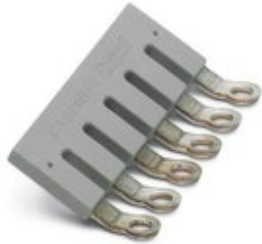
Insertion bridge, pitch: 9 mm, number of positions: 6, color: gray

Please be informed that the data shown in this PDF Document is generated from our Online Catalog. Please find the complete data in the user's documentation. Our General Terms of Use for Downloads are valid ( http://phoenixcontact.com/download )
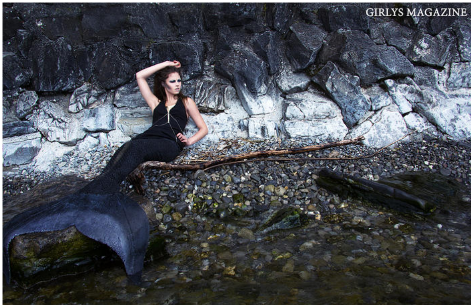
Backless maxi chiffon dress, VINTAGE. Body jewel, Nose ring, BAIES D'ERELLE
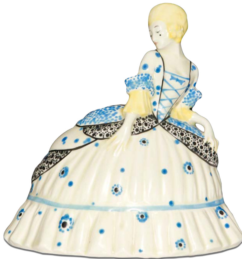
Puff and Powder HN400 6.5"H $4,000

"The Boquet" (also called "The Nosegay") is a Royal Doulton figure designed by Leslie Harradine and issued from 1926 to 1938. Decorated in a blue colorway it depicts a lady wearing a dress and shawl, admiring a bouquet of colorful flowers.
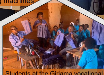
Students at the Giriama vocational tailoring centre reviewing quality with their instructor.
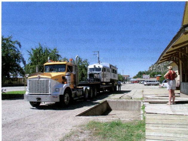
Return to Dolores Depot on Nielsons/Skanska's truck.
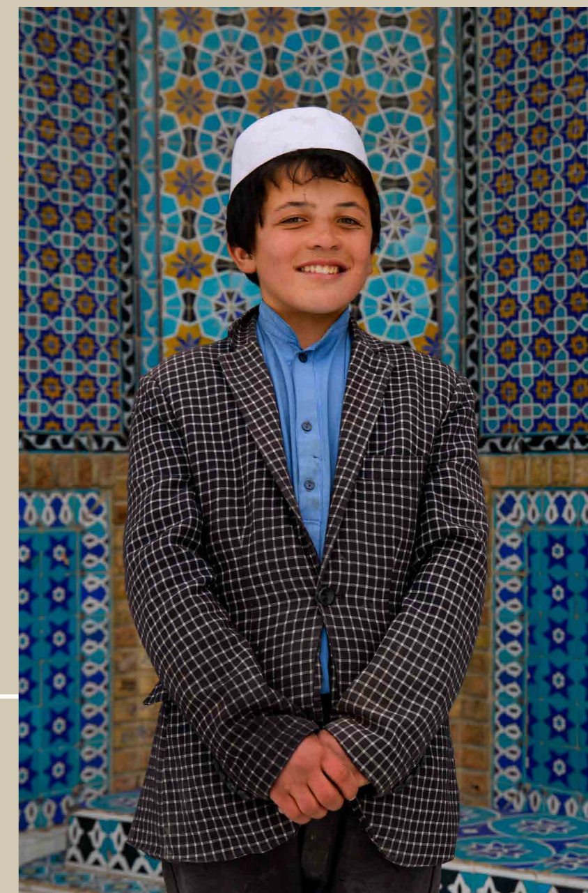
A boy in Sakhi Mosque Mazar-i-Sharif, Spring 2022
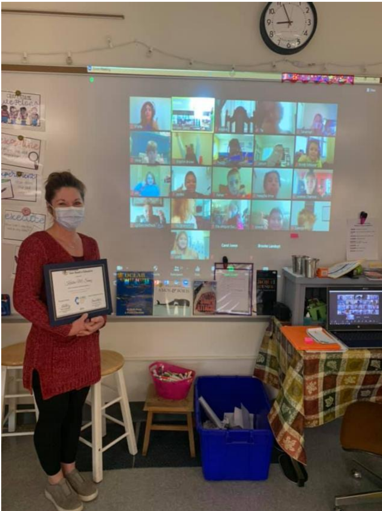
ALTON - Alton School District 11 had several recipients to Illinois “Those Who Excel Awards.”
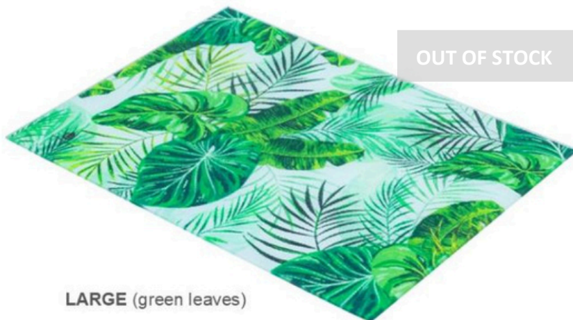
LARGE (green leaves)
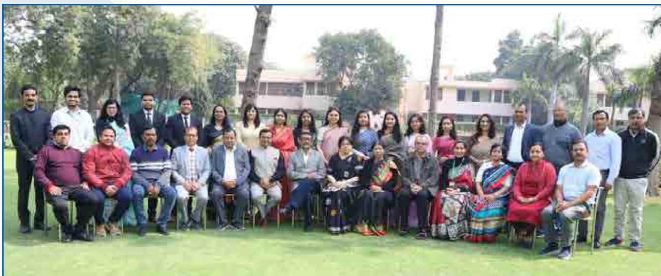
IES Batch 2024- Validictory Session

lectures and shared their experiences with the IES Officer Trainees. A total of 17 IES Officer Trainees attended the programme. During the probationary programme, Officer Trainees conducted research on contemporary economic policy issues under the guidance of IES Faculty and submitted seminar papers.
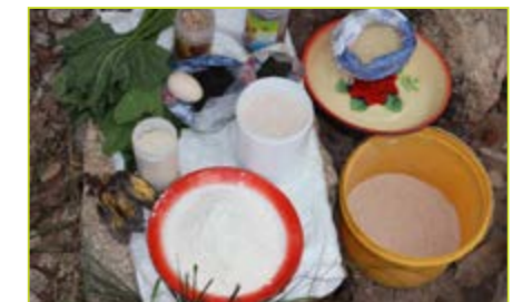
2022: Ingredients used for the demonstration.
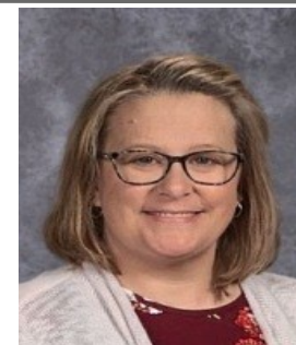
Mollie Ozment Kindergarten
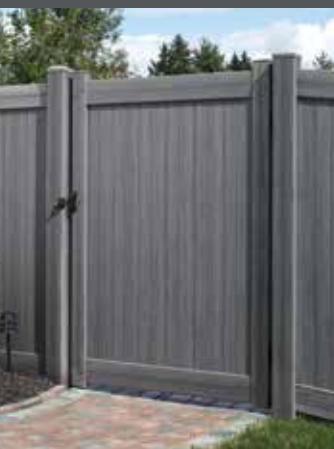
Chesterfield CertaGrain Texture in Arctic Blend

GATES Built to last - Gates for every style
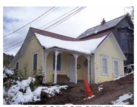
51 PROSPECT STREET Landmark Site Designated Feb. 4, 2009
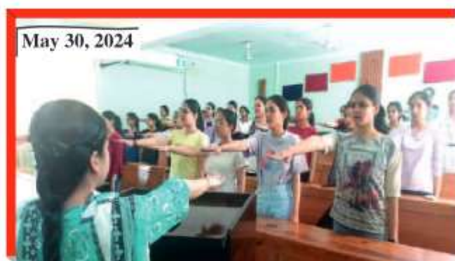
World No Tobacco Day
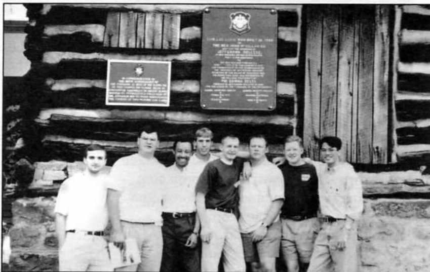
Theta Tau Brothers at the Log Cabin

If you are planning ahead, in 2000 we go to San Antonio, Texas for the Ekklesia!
----
Task objective. Using the listing above, return all lines where the word "dress" occurs.

Your response.
Backless maxi chiffon dress, VINTAGE. Body jewel, Nose ring, BAIES D'ERELLE
"The Boquet" (also called "The Nosegay") is a Royal Doulton figure designed by Leslie Harradine and issued from 1926 to 1938. Decorated in a blue colorway it depicts a lady wearing a dress and shawl, admiring a bouquet of colorful flowers.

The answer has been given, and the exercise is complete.